Hex-Rays decompiler
Summary:
- Hex-Rays Decompiler is a C decompiler
- Decompilers turn machine code into code in the original language, which helps readability
- Hex-Rays Decompiler requires IDA Pro 5.5 to work
(edit)
Comments
Thank you! You will be redirected to your new comment shortly.
Thank you! You will be redirected to your new comment shortly.
I wonder how decompilers work. I've written a disassembler as a side project a long time, but that was straight-forward. Decompilers seem much harder.
Thank you! You will be redirected to your new comment shortly.
The Hex-Rays decompiler requires IDA Pro 5.5 to work. According to this price listing, the bundle costs $2558. Pricey.
Thank you! You will be redirected to your new comment shortly.
Houses are not very cheap and not everyone is able to buy it. However, personal loans was created to aid different people in such kind of cases.
Similar
People who this link also
Submitted by circaee
Short url:
I've written a C decompiler with alistra (it's on github if you're curious), so I can shed some light on this.
Decompilation is a tricky process. In the general case, it is undecidable, meaning that in general, you cannot write an algorithm that would decompile every possible piece of code. It remains undecidable even if you disallow self-modifying code.
However, there are still many patterns in compiled machine code which you can use to try to construct a partial decompilation.
Our approach is best shown using a flowchart (yes):
I will describe briefly the stages:
Object dump
Usually, executable programs are in a specific format (ELF and a.out in Unix, PE on Windows, etc.). Object dump is a process which takes an object file and extracts information from it, such as: the machine code, the entry point (where the code starts when you run the executable), list of symbols (function names, data, etc. with their associated addresses), and so on.
For that, you can use the objdump utility available on most GNU systems as part of GNU Binutils.
An example object dump (to get a list of symbols).
For reference, tests/test_ack.c (I will be using this example throughout the post):
(The code implements the Ackermann function)
Disassembly
Compiled executable code is usually stored on disk as machine code (i.e. a set of binary instructions that is understood by CPUs directly). There is usually a human-readable way to transcribe this machine code, called assembly language.
Disassembly consists of turning machine code into assembly language. For example, here's a snippet of the disassembly of test_ack into x64 code:
ocd disassembled into an intermediate language, so that more machine code types could be plugged in in the future.
Control flow analysis
A control flow graph is generated, which encodes information about the different paths a program execution might take, depending on control statements of the language (jumps, conditional statemenents, loops).
Such control flow graphs have distinct patterns for certain control statments, here's a sample table:
Those patterns can be then rewritten (using a graph rewriting system, not unlike a grammar rewriting system) into single nodes until no more patterns can be found.

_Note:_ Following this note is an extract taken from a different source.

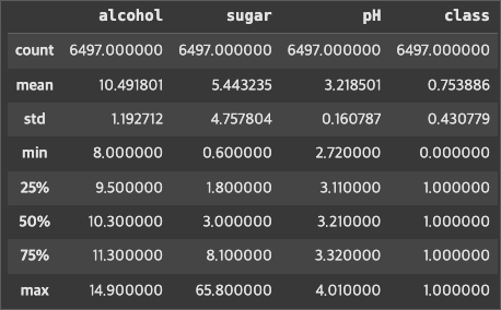 < 와인 데이터의 통계 값 > mean : 평균, std : 표준 편차, min : 최소, 25% : 1사분위수, 50% : 중간값/2사분위수, 75% : 3사분위수 max : 최대

With this process the original code patterns emerge and we get some insight into the original program structure.
Here is an example of such rewriting. This is the control flow graph for test_ack as it is rewritten into ultimately one node.
Data flow analysis
First, it makes sense to convert things like register operands, etc. into fresh variables. For example, this:
might be converted to
Then, the program's computation flow is analyzed. Dead instructions are removed and others are folded into more succinct expressions. This
might be converted into
Often, compilers have idioms. For example, instead of writing
this might be used:
to save cycles. A decompiler might keep a "dictionary" of such idioms to simplify the output.
Program output
Finally, the program can be output.
For example, this is what ocd outputs for test_ack:
As you can see, it's not perfect, but you can see the general structure.
For a more in-depth analysis of the problem, you can read Cristina Cifuentes' PhD thesis, Reverse Compilation Techniques.
Do you have any background in reverse enginnering? Do you know if decompilers are used in practice?
I used to reverse engineer games a lot as a hobby. A decompiler would have been useful with old games written in C/C++, but only slightly.
Decompilers aren't used widely, they don't give enough value to bother trying to get them to work. Perhaps if the interface was better?
I wrote the decompiler for fun, to see what could be done, rather than to be useful.